From the Research
There is no specific bloodwork that can definitively diagnose neck cancer, and diagnosis typically requires a physical examination, imaging studies, and a biopsy of suspicious tissue. While blood tests may be ordered as part of a comprehensive evaluation, they primarily help assess overall health status and are not diagnostic for neck cancer. Common blood tests might include a complete blood count (CBC) to check for anemia or infection, and liver function tests to evaluate organ function. Tumor markers are generally not reliable for neck cancer diagnosis, as seen in studies such as 1, which found that only IL-6 significantly improved outcome prediction for second primary cancer in head and neck cancer patients.
Some studies have explored the association between blood group type and head and neck cancer, such as 2, which found that blood group B is associated with an increased incidence of hypopharyngeal cancer, while blood antigen A is associated with a higher risk of oral cavity cancer development. However, these findings do not support the use of blood group type as a diagnostic tool for neck cancer.

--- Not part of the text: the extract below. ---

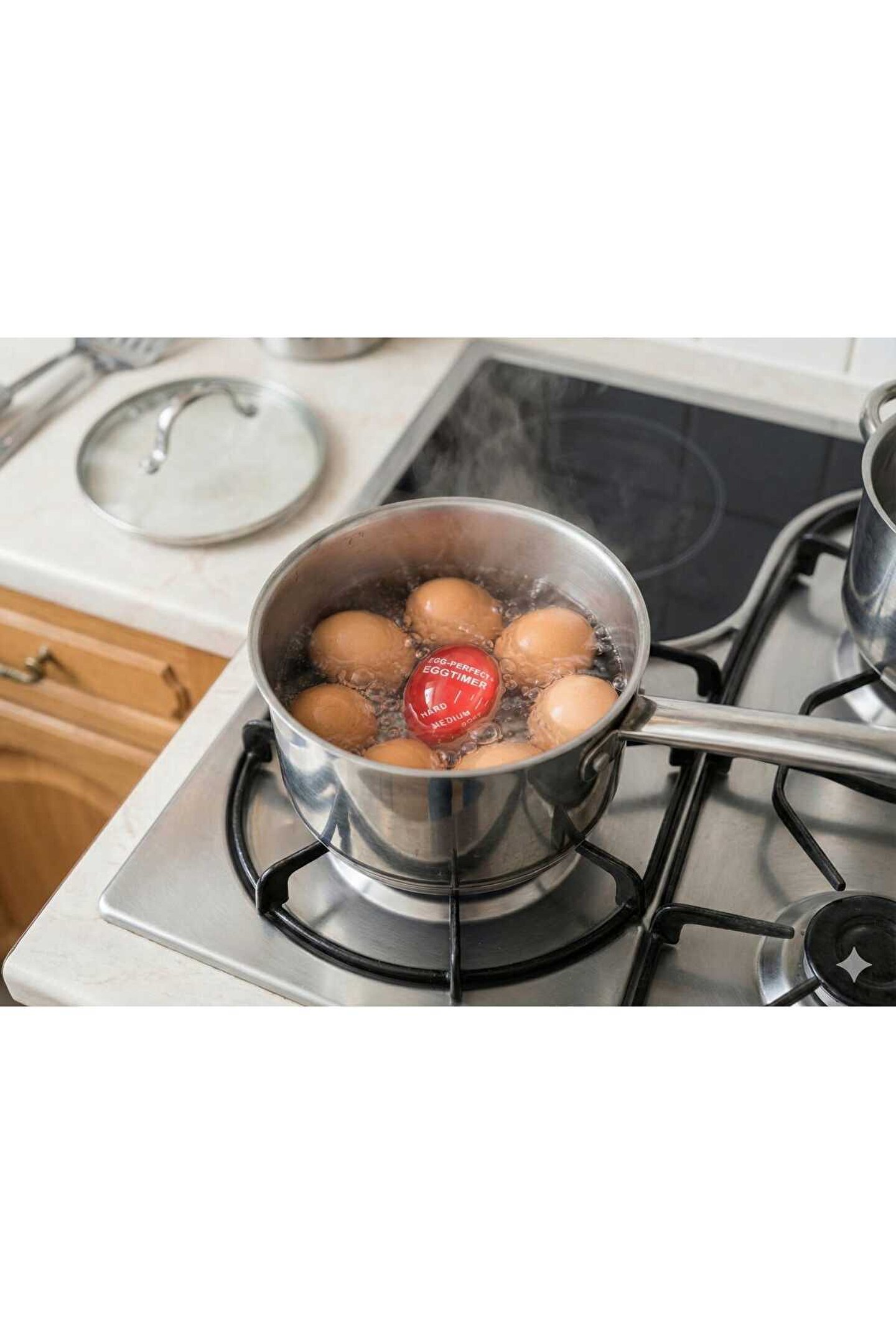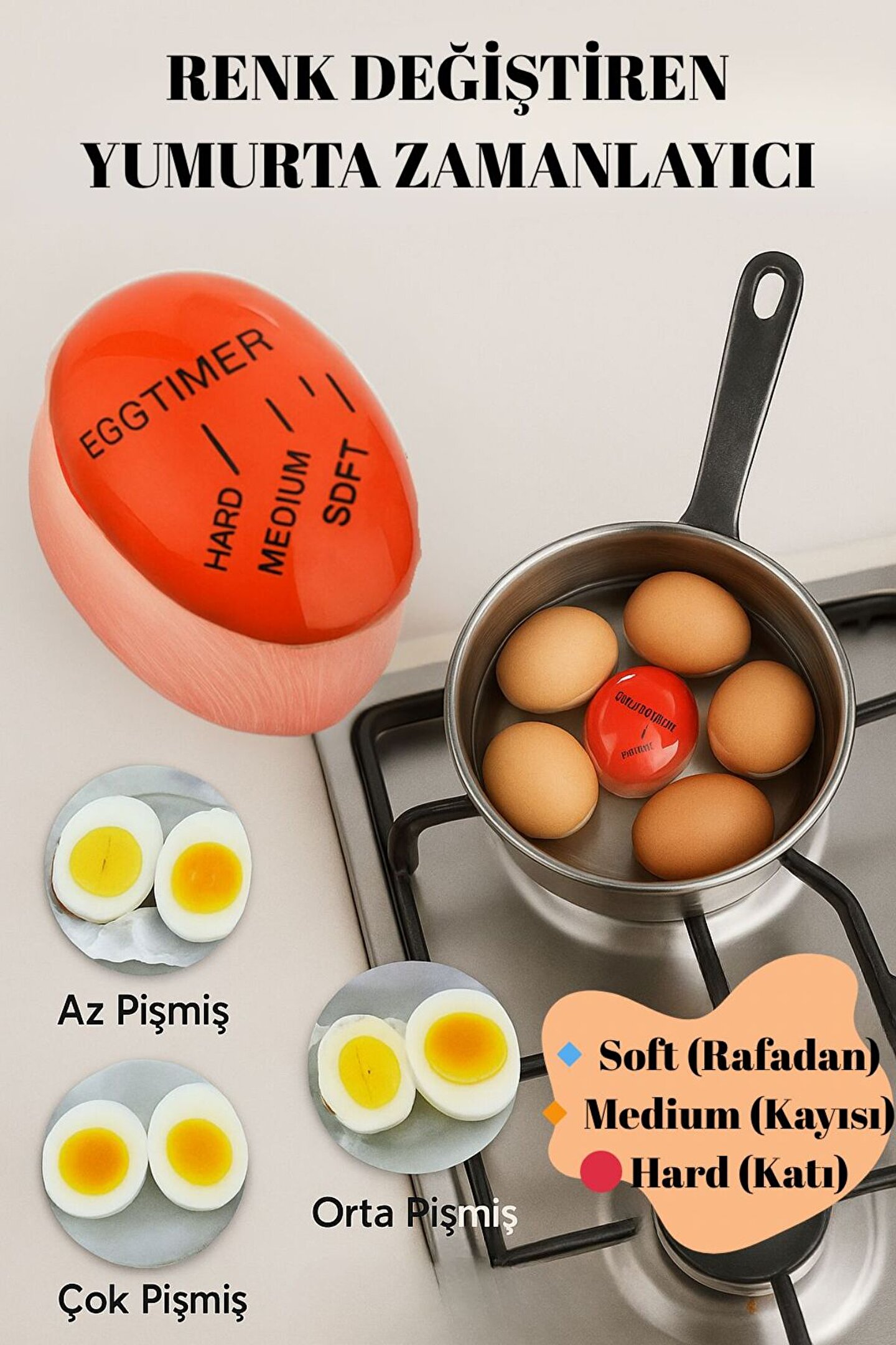 Yumurtalarınızın tam istediğiniz kıvamda pişmesini sağlayan pratik bir yardımcı! Renk değiştiren yumurta zamanlayıcıyı tencereye yumurtalarla birlikte koyun ve pişirme sürecini kolayca takip edin.; Üzerindeki renk göstergesi sayesinde rafadan (soft), kayısı (medium) ve katı (hard) kıvamlarını anında görebilirsiniz.; Artık yumurtalarınız ne çok pişmiş ne de az pişmiş olacak – her seferinde tam kararında! Ürün Özellikleri: •Isıya duyarlı özel tasarım •Rafadan, kayısı ve katı ayar göstergeli •Tencere içinde doğrudan kullanım •Tekrar tekrar kullanılabilir •BPA içermez, sağlığa zararsız malzeme •Kolay temizlik için dayanıklı yüzey

Imaging studies, such as CT perfusion, have been investigated for their potential to noninvasively predict intratumoral microvessel density in head and neck squamous cell carcinoma, as seen in 3. However, these studies do not provide evidence for the use of bloodwork in diagnosing neck cancer.
In terms of treatment, blood transfusions have been associated with adverse outcomes in patients with head and neck cancer undergoing free tissue transfer, as seen in 4. This highlights the importance of careful consideration of blood transfusions in the management of patients with head and neck cancer.
Overall, the gold standard for diagnosing neck cancer remains a biopsy of suspicious tissue, and blood tests should not be relied upon for initial diagnosis. Blood tests may help with pre-treatment assessment and monitoring during treatment, but they are not a substitute for a thorough diagnostic evaluation.